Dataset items
+ + + + +

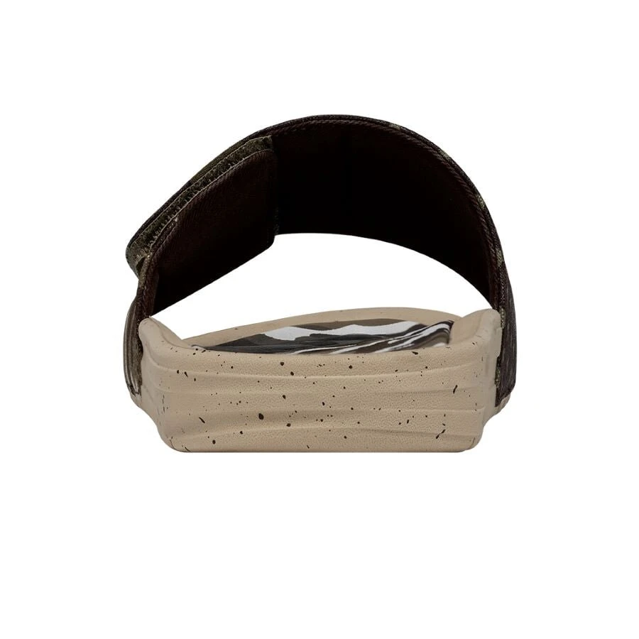 Bring a taste of nature to the party with Phoenix Camo slides. Their cotton upper strap is designed for pure comfort. Featuring a leather-lined foot bed and their lightweight outsole, which is like walking on air. Like the great outdoors, for your feet.
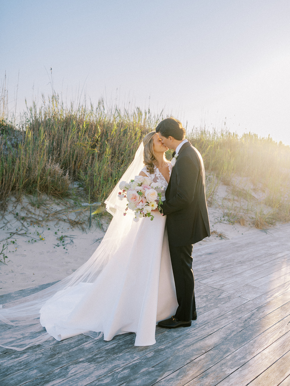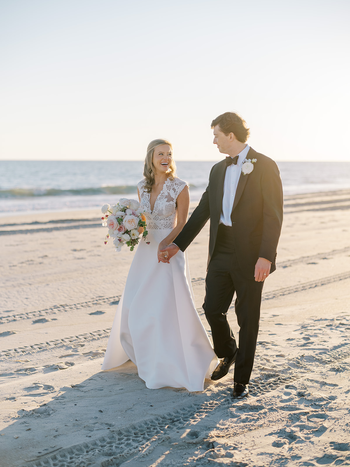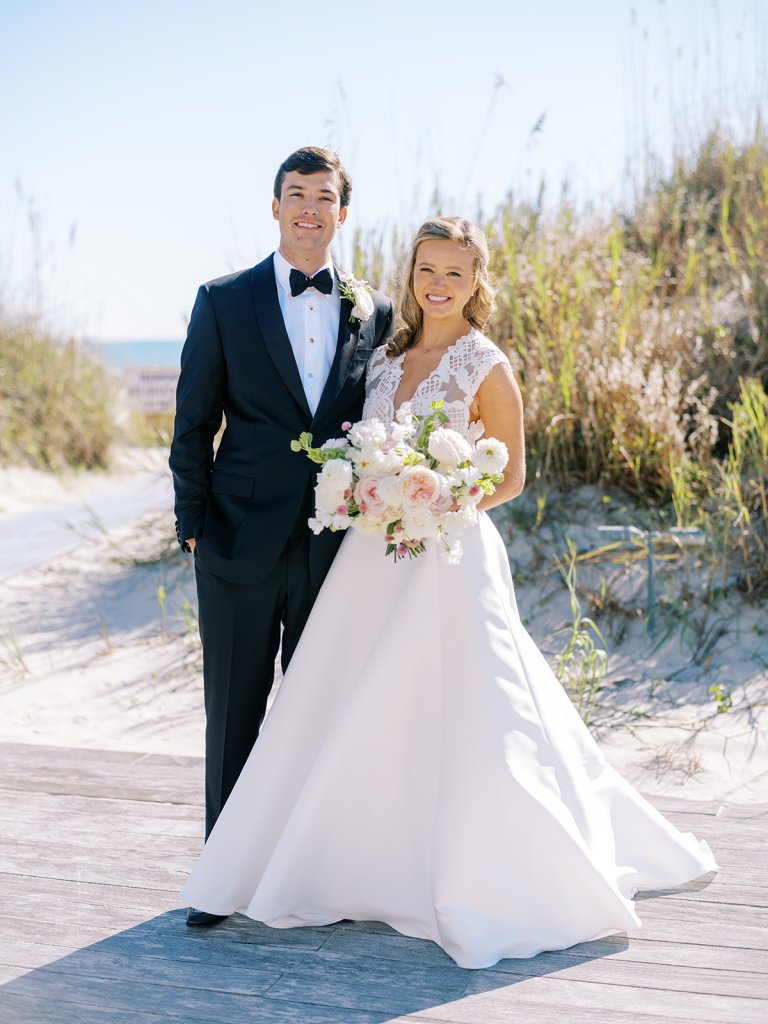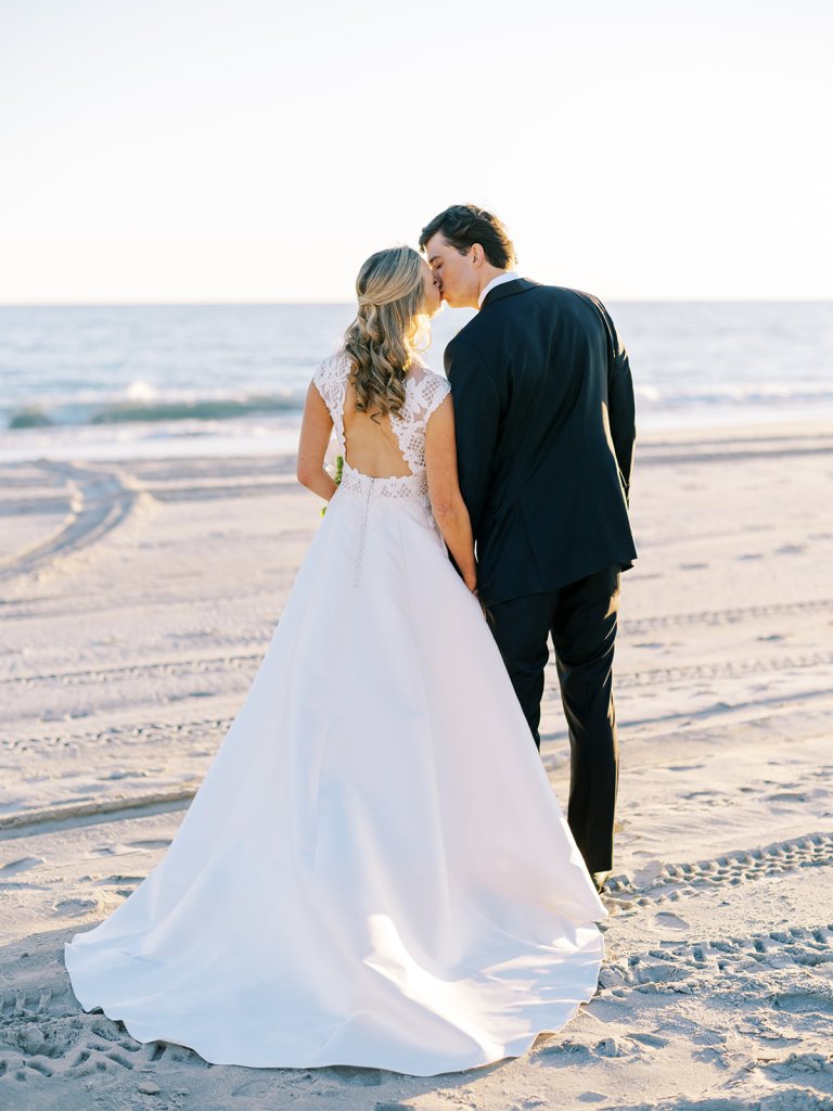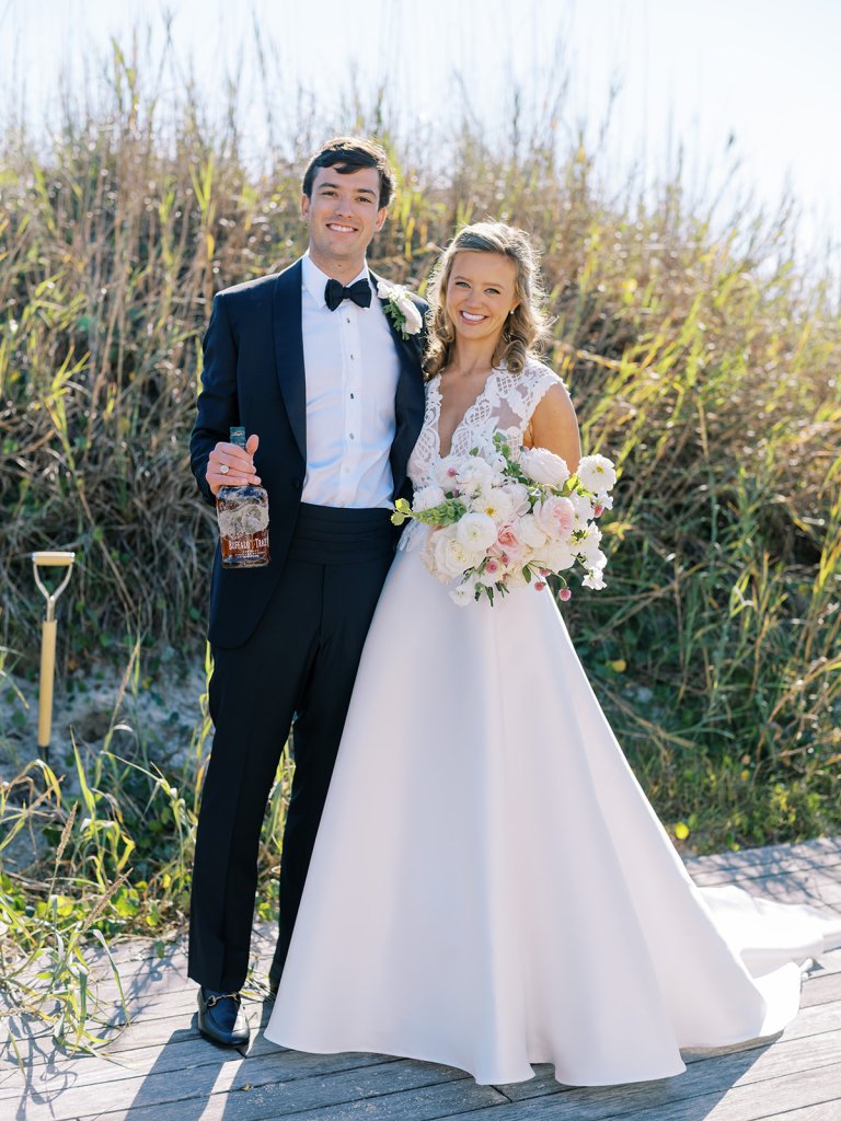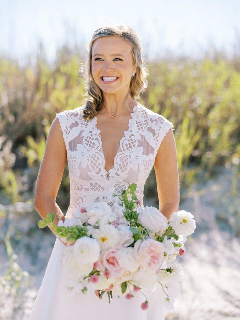 I can’t get over the radiance of these two and their unparalleled joy, their unabashed love for one another, and the excitement and celebration that exuded from every single moment of this magical day. It was spectacular in every way. And sneaking away to the sand for a few minutes of dreamy golden hour photos was just icing on the cake as these two got to bask in their new marriage and the anticipation of all the fun continuing to unfold at their wedding. Simply stunning in every single way! Shields’s gown! Her veil! That bouquet! The light! Their love & joy!
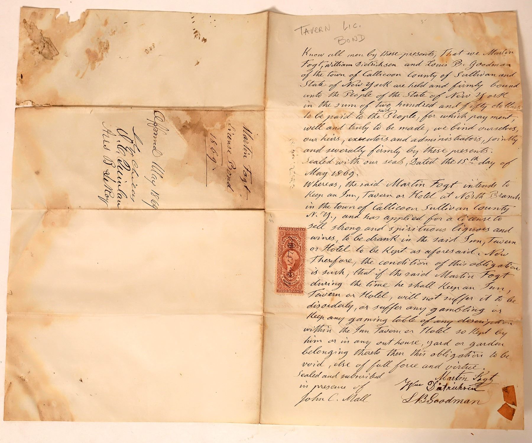 Tavern license bond issued to Martin Fogt, William Dietrichsen and Louis B. Goodman on the town of Callicoon, Sullivan County, New York, on May 15th, 1869. "Martin Fogt intends to keep and Inn, Tavern or Hotel at North Branch in the town of Callicoon...and has applied for a license to sell strong and spiritous liquors and wines..." but he "will not suffer it to be disorderly, or suffer any gambling or keep any gaming table of any description within the Inn, Tavern, or Hotel..." Signed by all 3. 25 cent revenue stamp attached bottom left. 12 x 7.5" Folds, large stains, a few tears. The town was formed in 1842.
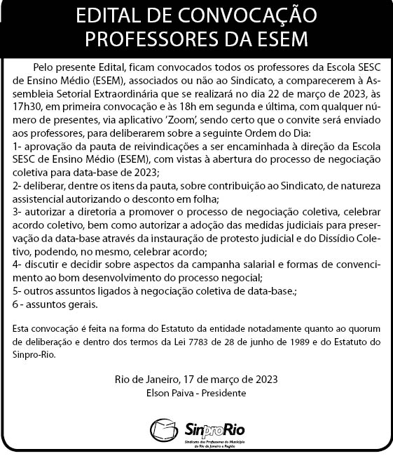 Leia abaixo o edital da Campanha Salarial 2023 para o SESC!
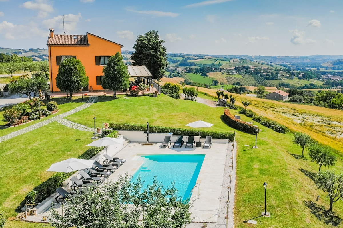Leondina Country House with pool and panoramic view in Corinaldo, a heaven of peace in the Marche countryside
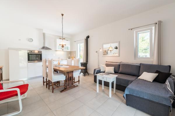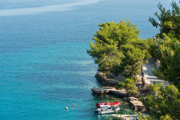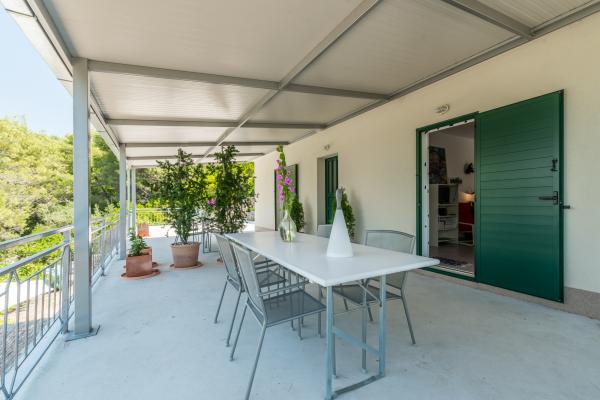 Popolnoma opremljeni in moderni apartmaji s teraso in pogledom na morje, ob morju, ki se nahaja na mirni lokaciji v zalivu Rogač na otoku Šolta. Apartmaji so sestavljeni iz prostorno dnevno sobo s kuhinjo, dve spalnici in kopalnico. Kristalno čista voda apartmaja je le 50 m.
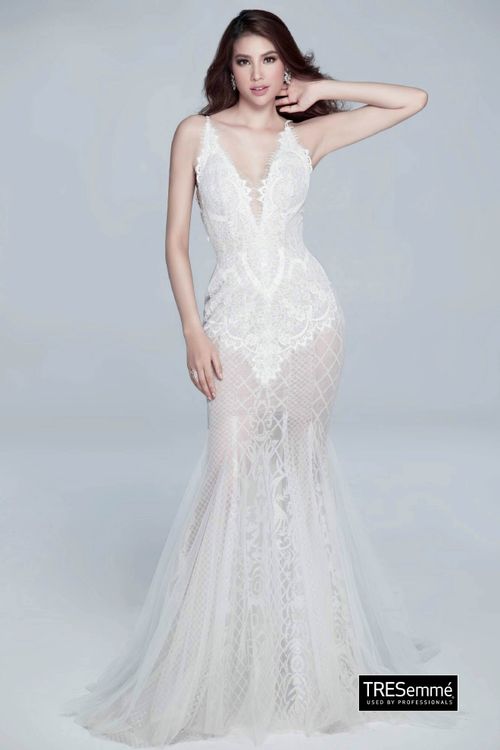 Concept của bộ ảnh nói về những cô gái thanh lịch, cao sang, quý phái với những bộ váy dạ hội sang trọng, những mái tóc vào nếp. Phạm Hương và 2 thí sinh biến đổi qua từng tấm hình.

+ + + + +

# Aim of the exercise
Both boundary lines included, write out word for word only the lines above from the one containing "I can’t get" to the one containing "Popolnoma opremljeni in", leaving out any pictures.

# The completed task
 I can’t get over the radiance of these two and their unparalleled joy, their unabashed love for one another, and the excitement and celebration that exuded from every single moment of this magical day. It was spectacular in every way. And sneaking away to the sand for a few minutes of dreamy golden hour photos was just icing on the cake as these two got to bask in their new marriage and the anticipation of all the fun continuing to unfold at their wedding. Simply stunning in every single way! Shields’s gown! Her veil! That bouquet! The light! Their love & joy!
 Tavern license bond issued to Martin Fogt, William Dietrichsen and Louis B. Goodman on the town of Callicoon, Sullivan County, New York, on May 15th, 1869. "Martin Fogt intends to keep and Inn, Tavern or Hotel at North Branch in the town of Callicoon...and has applied for a license to sell strong and spiritous liquors and wines..." but he "will not suffer it to be disorderly, or suffer any gambling or keep any gaming table of any description within the Inn, Tavern, or Hotel..." Signed by all 3. 25 cent revenue stamp attached bottom left. 12 x 7.5" Folds, large stains, a few tears. The town was formed in 1842.
 Leia abaixo o edital da Campanha Salarial 2023 para o SESC!
Leondina Country House with pool and panoramic view in Corinaldo, a heaven of peace in the Marche countryside
 Popolnoma opremljeni in moderni apartmaji s teraso in pogledom na morje, ob morju, ki se nahaja na mirni lokaciji v zalivu Rogač na otoku Šolta. Apartmaji so sestavljeni iz prostorno dnevno sobo s kuhinjo, dve spalnici in kopalnico. Kristalno čista voda apartmaja je le 50 m.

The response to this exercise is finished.